* _INPUT DATA_

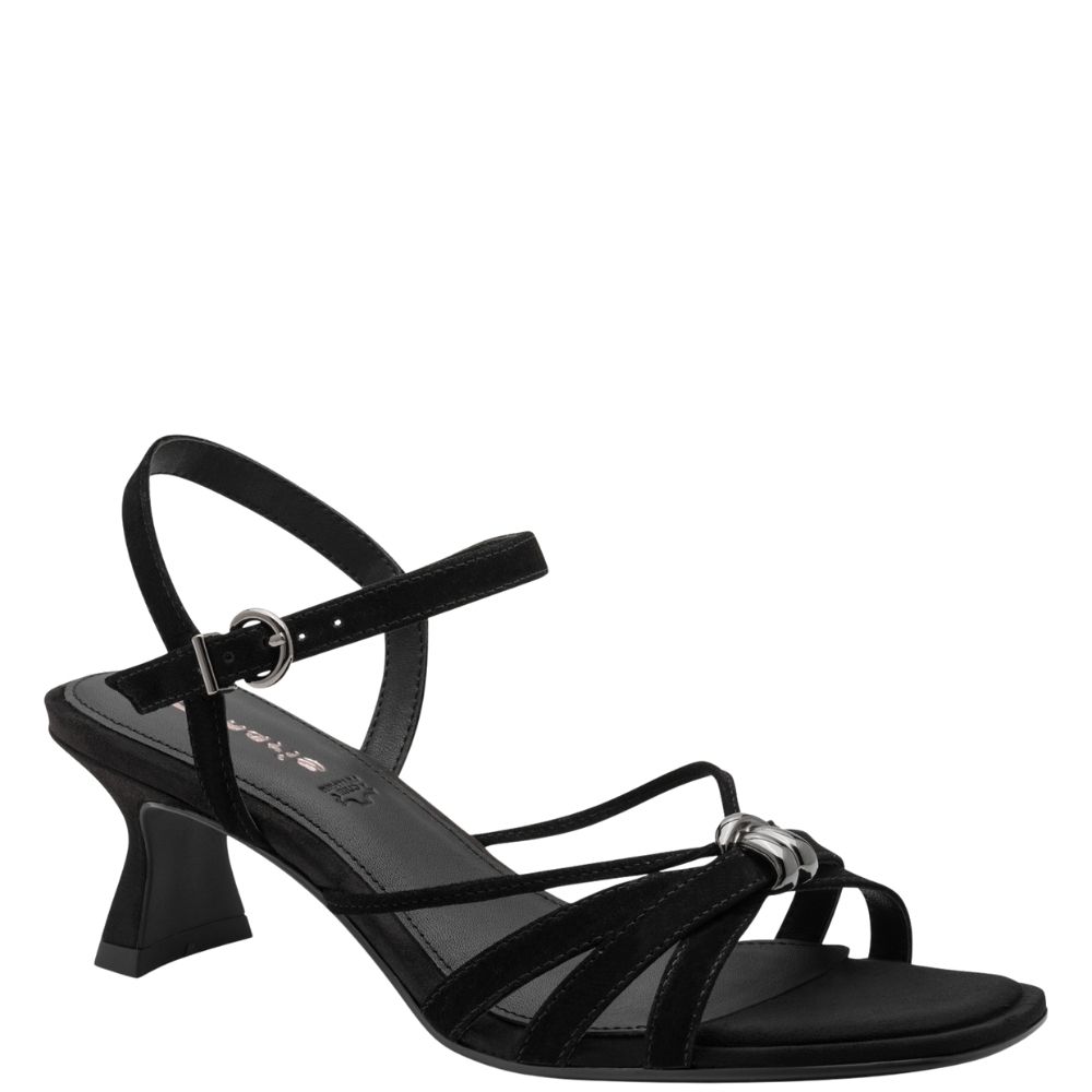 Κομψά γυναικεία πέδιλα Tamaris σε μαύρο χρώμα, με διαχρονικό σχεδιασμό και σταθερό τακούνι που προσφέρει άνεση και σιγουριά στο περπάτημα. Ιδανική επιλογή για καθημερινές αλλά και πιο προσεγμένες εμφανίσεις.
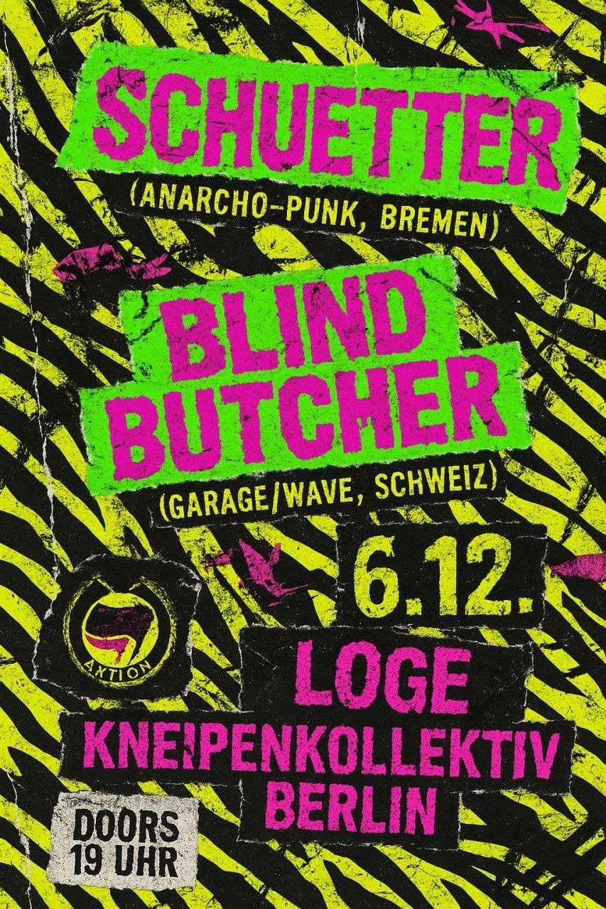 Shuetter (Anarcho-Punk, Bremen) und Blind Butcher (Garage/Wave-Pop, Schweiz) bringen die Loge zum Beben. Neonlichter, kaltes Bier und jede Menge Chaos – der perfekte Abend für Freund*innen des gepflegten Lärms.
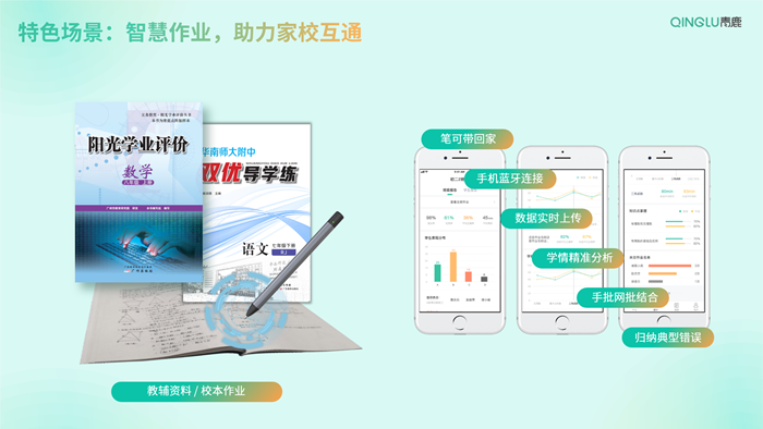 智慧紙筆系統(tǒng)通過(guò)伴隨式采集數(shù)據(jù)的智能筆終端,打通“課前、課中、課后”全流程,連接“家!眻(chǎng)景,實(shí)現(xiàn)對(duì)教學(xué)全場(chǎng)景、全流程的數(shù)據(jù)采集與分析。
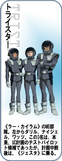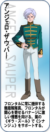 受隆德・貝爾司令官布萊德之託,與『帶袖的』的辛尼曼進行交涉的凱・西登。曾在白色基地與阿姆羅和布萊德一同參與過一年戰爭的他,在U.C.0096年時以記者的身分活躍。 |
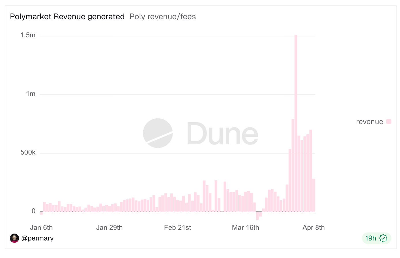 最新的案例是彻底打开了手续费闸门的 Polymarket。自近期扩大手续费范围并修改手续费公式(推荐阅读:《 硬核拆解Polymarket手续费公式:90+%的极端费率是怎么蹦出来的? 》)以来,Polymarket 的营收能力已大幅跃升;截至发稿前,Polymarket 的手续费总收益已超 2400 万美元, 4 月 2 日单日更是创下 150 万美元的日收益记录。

* _ASSIGNMENT_
The answer is the full set of records printed exactly, less the pictures.

* _ANSWER BELOW_
 Κομψά γυναικεία πέδιλα Tamaris σε μαύρο χρώμα, με διαχρονικό σχεδιασμό και σταθερό τακούνι που προσφέρει άνεση και σιγουριά στο περπάτημα. Ιδανική επιλογή για καθημερινές αλλά και πιο προσεγμένες εμφανίσεις.
 Shuetter (Anarcho-Punk, Bremen) und Blind Butcher (Garage/Wave-Pop, Schweiz) bringen die Loge zum Beben. Neonlichter, kaltes Bier und jede Menge Chaos – der perfekte Abend für Freund*innen des gepflegten Lärms.
 智慧紙筆系統(tǒng)通過(guò)伴隨式采集數(shù)據(jù)的智能筆終端,打通“課前、課中、課后”全流程,連接“家!眻(chǎng)景,實(shí)現(xiàn)對(duì)教學(xué)全場(chǎng)景、全流程的數(shù)據(jù)采集與分析。
 受隆德・貝爾司令官布萊德之託,與『帶袖的』的辛尼曼進行交涉的凱・西登。曾在白色基地與阿姆羅和布萊德一同參與過一年戰爭的他,在U.C.0096年時以記者的身分活躍。 |
 最新的案例是彻底打开了手续费闸门的 Polymarket。自近期扩大手续费范围并修改手续费公式(推荐阅读:《 硬核拆解Polymarket手续费公式:90+%的极端费率是怎么蹦出来的? 》)以来,Polymarket 的营收能力已大幅跃升;截至发稿前,Polymarket 的手续费总收益已超 2400 万美元, 4 月 2 日单日更是创下 150 万美元的日收益记录。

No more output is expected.